Hello, Would it be possible for
you to explain exactly any rituals surrounding a miscarriage that
took place after six weeks of pregnancy?

(answer from Rabbi Sperling)
Shalom,
I was sorry to hear about your
recent miscarriage. May you be blessed with fruitful offspring
and easy labors in the future. The Torah did not institute any
acts of mourning or memorial in the case of a miscarriage. Perhaps
this is meant to focus our attention on the continual task of
love that confronts us in bringing children into the world rather
than becoming paralysed by the past. There is a midrash that relates
that before G-d created our world, he "created worlds and
destroyed them until He saw the world and said it was "very
good." The process of creation sometimes involves "creating
and destroying," which, with all the pain it entails, ultimately
leads to a "Tov Meod"- something "very good."

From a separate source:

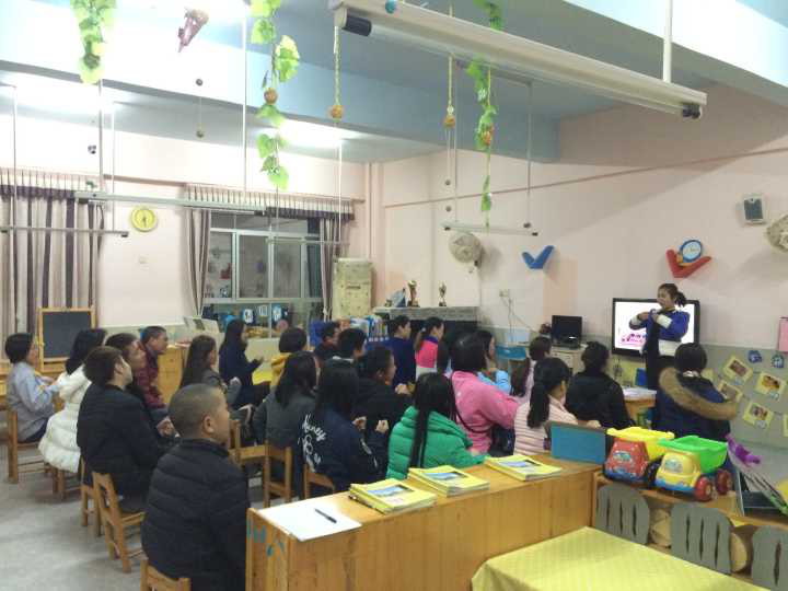 教師講解本學期月工作重點以及對孩子們在幼兒園在園表現狀況進行點評與分析。
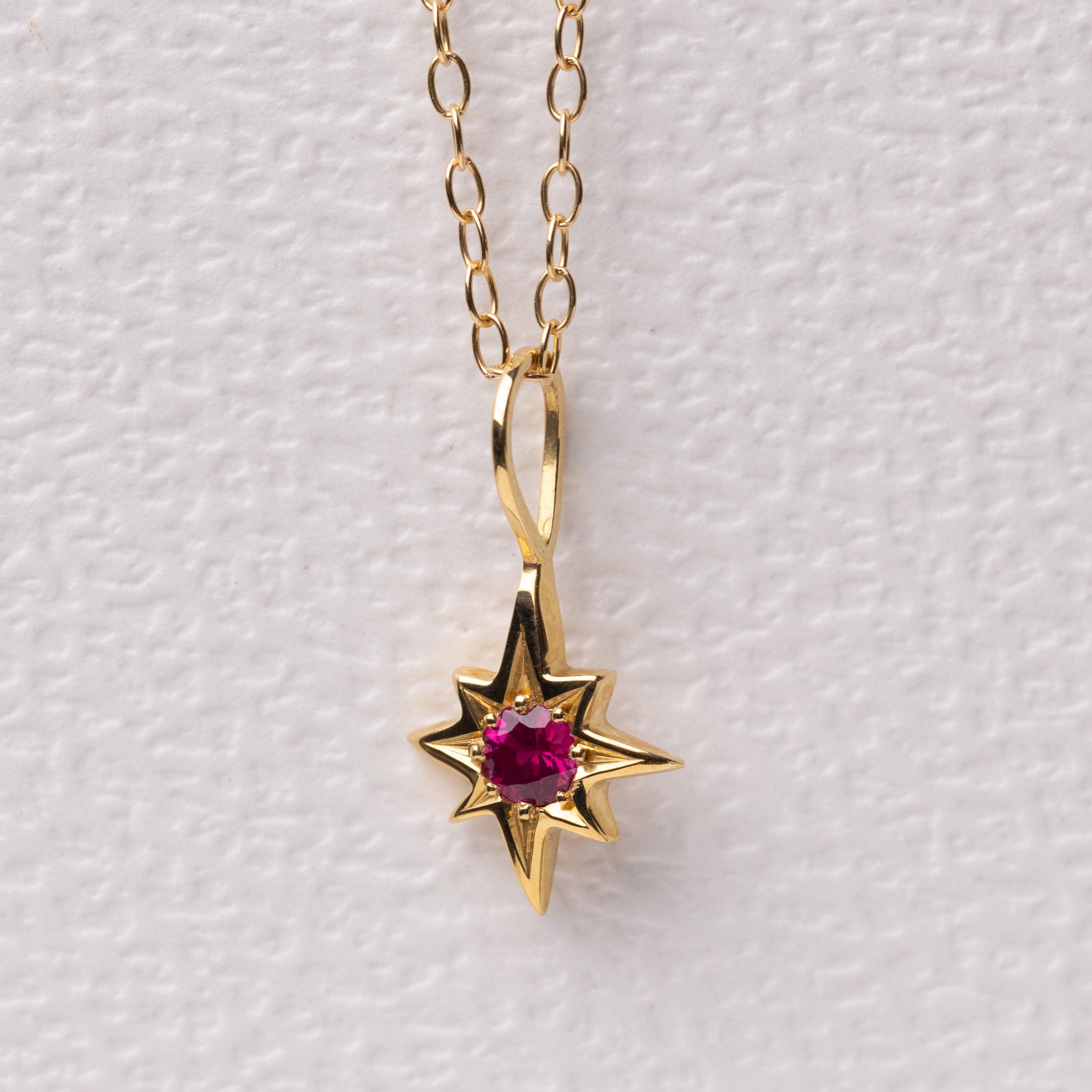 ルビーの濃いピンク色が目をひくネックレスです。八芒星の形は五角形とはまた違うお星様の印象です。チェーンは軽やかなものと合わせていますが、トップのループが大きめなので、他のチェーンに取り替えられます。つや消しです。

You ask what are the rituals surrounding
this tragic event. Firstly, there are the laws of family purity,
involving the cessation of marital relations (and other physical
closeness) until all bleeding has stopped after (counting at least
five days of bleeding), and then another seven "clean"
(free of bleeding) days, after which one immerses in a ritual
bath (if the fetus was female, and more than forty days old after
the conception, one must wait at least fifteen days after the
miscarriage before going to the ritual bath). Apart from the religious
obligation involved here, there is also the psychological benefit
of letting emotions and the body have a "time out" before
restarting the task of creation of a new life.
A person often feels pain and
loss at such a time, and this probably would be well channeled
into saying Psalms, and personal prayer to G-d.